- _What the exercise asks_
Output, exactly as written, the lines below starting at the line containing "Keep him going" and ending at the line containing "90s EddieBauerエディーバウアー リバーシブル". Drop the pictures and keep both end lines.

- _Source material_
>>
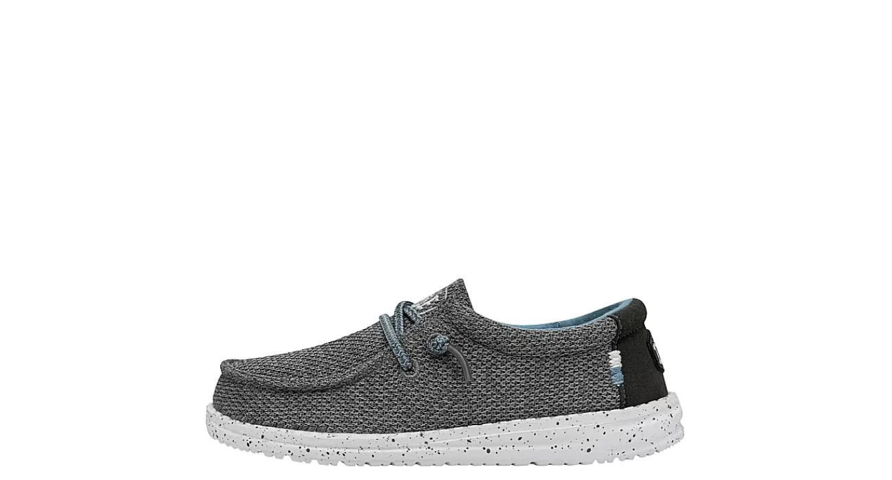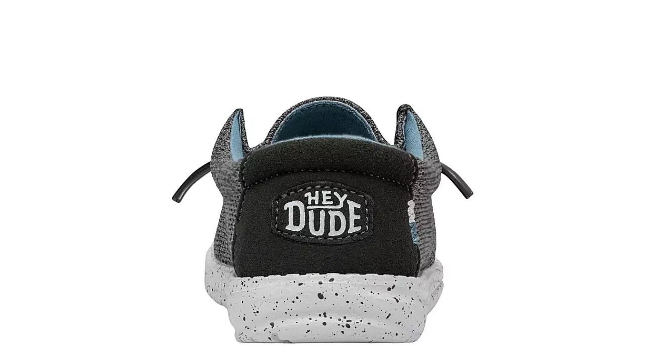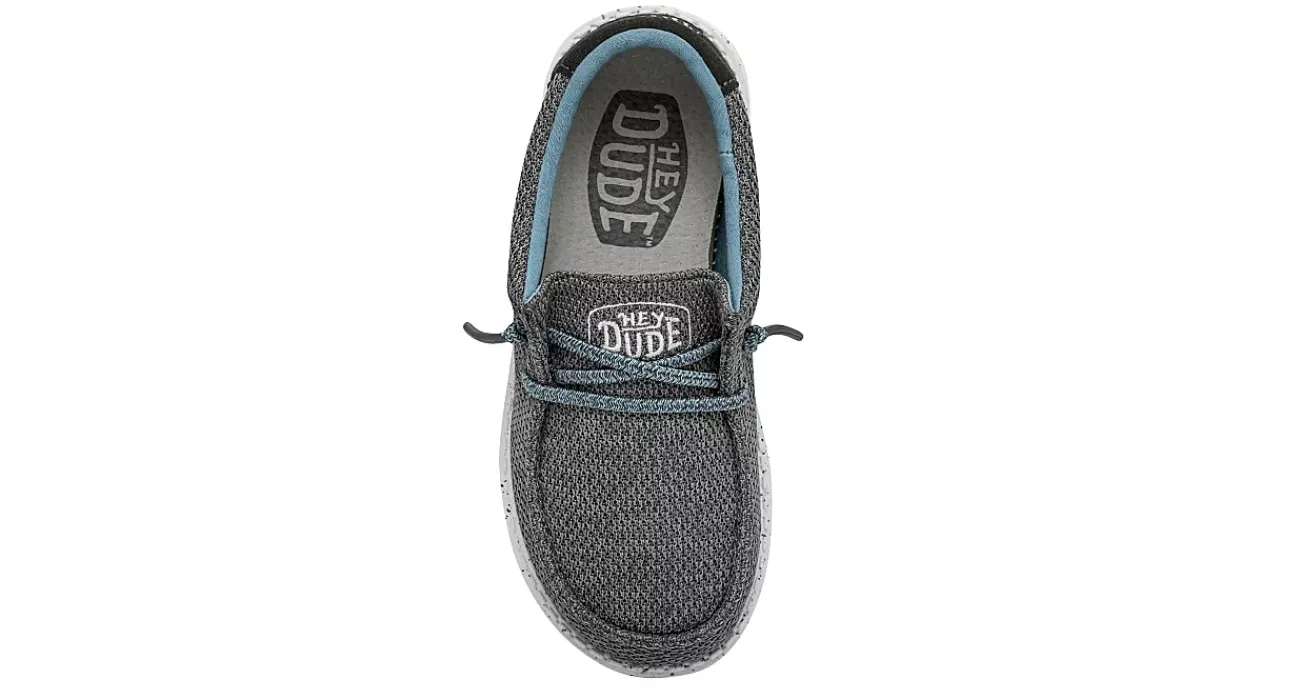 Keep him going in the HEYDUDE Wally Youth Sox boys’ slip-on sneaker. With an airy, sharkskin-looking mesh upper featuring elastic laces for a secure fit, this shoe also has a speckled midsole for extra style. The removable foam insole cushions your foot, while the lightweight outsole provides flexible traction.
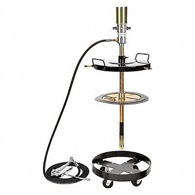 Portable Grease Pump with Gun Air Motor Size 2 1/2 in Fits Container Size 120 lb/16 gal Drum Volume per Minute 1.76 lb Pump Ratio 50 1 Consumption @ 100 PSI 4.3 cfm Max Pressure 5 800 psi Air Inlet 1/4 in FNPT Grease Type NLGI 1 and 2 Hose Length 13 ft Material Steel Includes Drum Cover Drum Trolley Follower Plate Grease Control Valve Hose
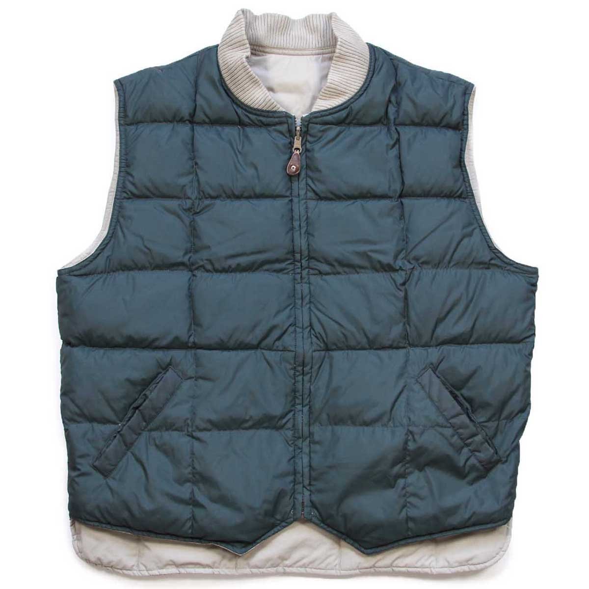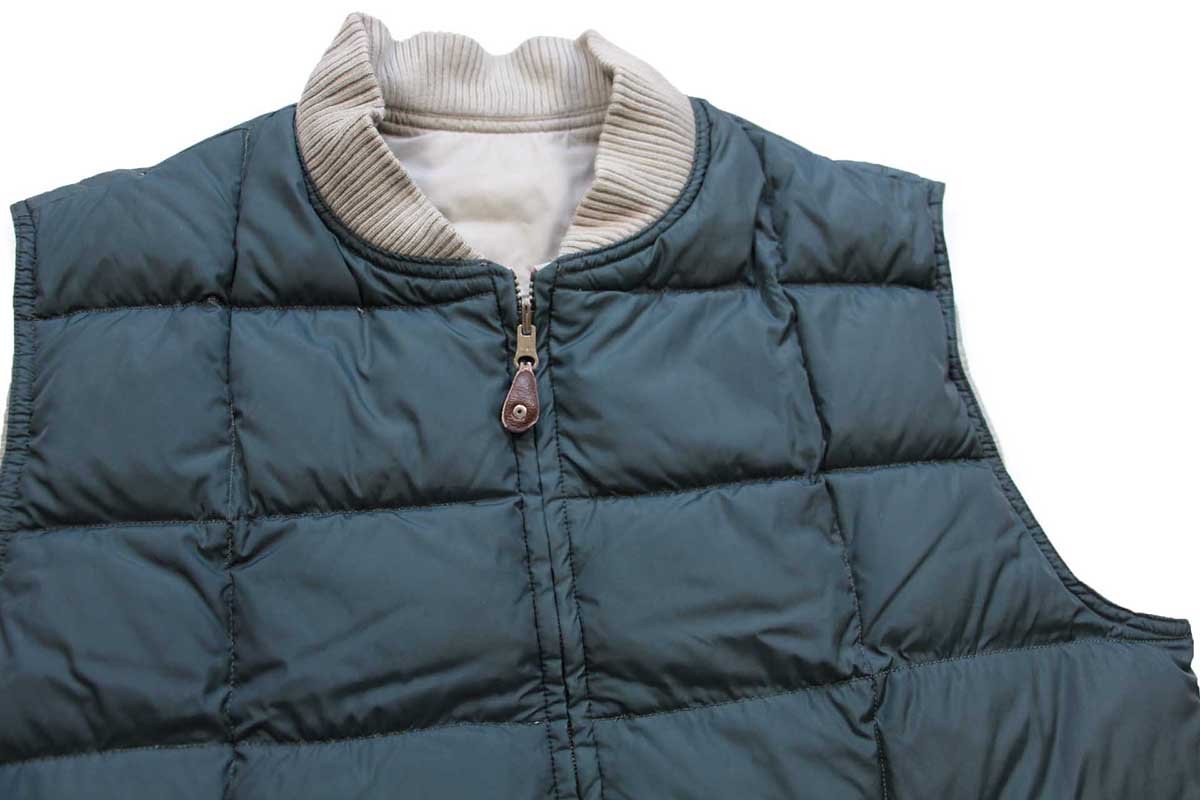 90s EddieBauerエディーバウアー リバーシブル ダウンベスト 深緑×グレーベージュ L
<<
>>
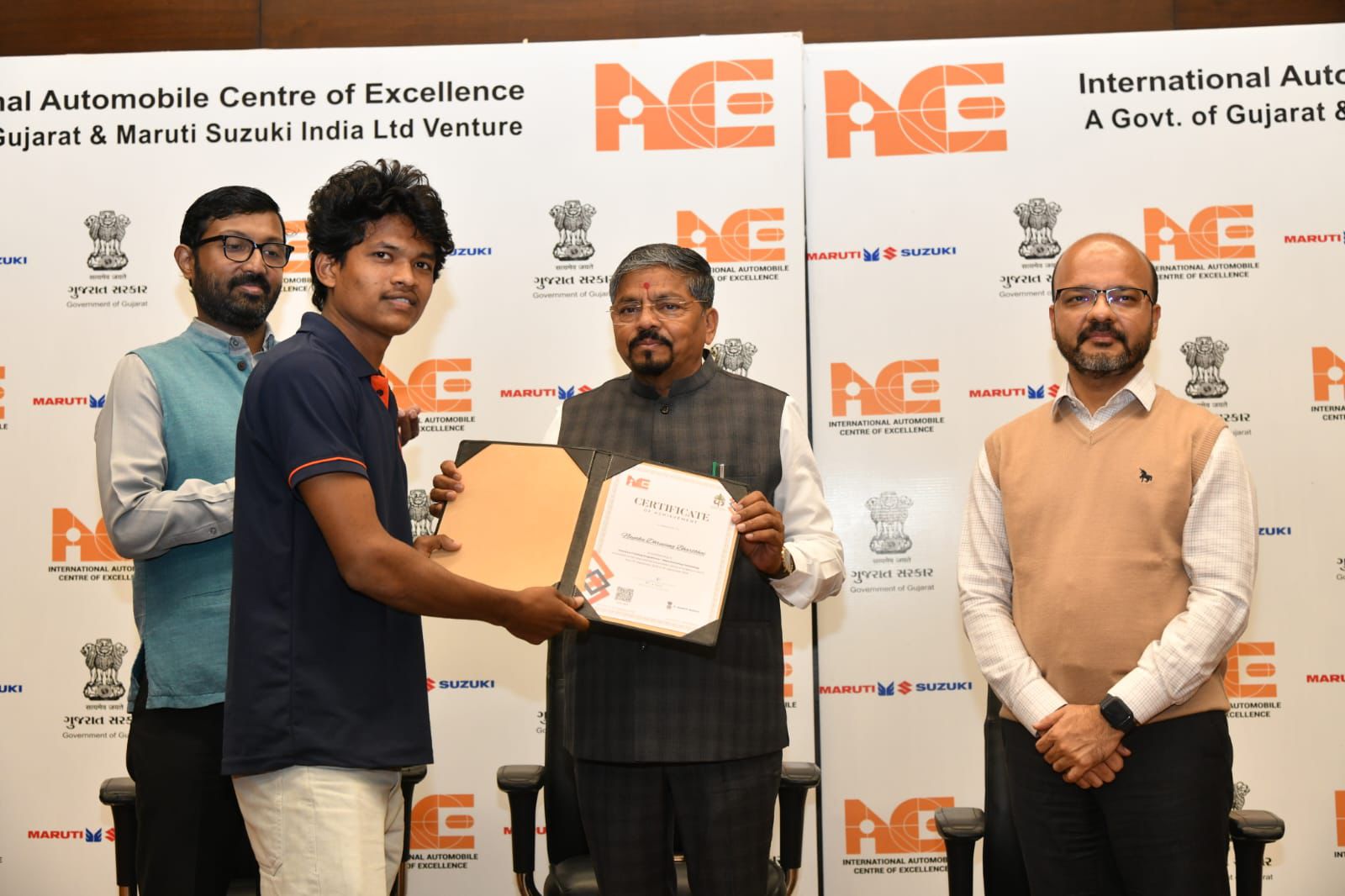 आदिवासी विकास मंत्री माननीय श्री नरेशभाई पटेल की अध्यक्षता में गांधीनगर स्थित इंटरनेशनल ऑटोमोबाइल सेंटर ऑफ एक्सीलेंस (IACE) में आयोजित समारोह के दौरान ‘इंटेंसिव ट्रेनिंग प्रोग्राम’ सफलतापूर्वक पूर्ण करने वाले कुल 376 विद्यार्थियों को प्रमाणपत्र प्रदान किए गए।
<<
- _Task result_
 Keep him going in the HEYDUDE Wally Youth Sox boys’ slip-on sneaker. With an airy, sharkskin-looking mesh upper featuring elastic laces for a secure fit, this shoe also has a speckled midsole for extra style. The removable foam insole cushions your foot, while the lightweight outsole provides flexible traction.
 Portable Grease Pump with Gun Air Motor Size 2 1/2 in Fits Container Size 120 lb/16 gal Drum Volume per Minute 1.76 lb Pump Ratio 50 1 Consumption @ 100 PSI 4.3 cfm Max Pressure 5 800 psi Air Inlet 1/4 in FNPT Grease Type NLGI 1 and 2 Hose Length 13 ft Material Steel Includes Drum Cover Drum Trolley Follower Plate Grease Control Valve Hose
 90s EddieBauerエディーバウアー リバーシブル ダウンベスト 深緑×グレーベージュ L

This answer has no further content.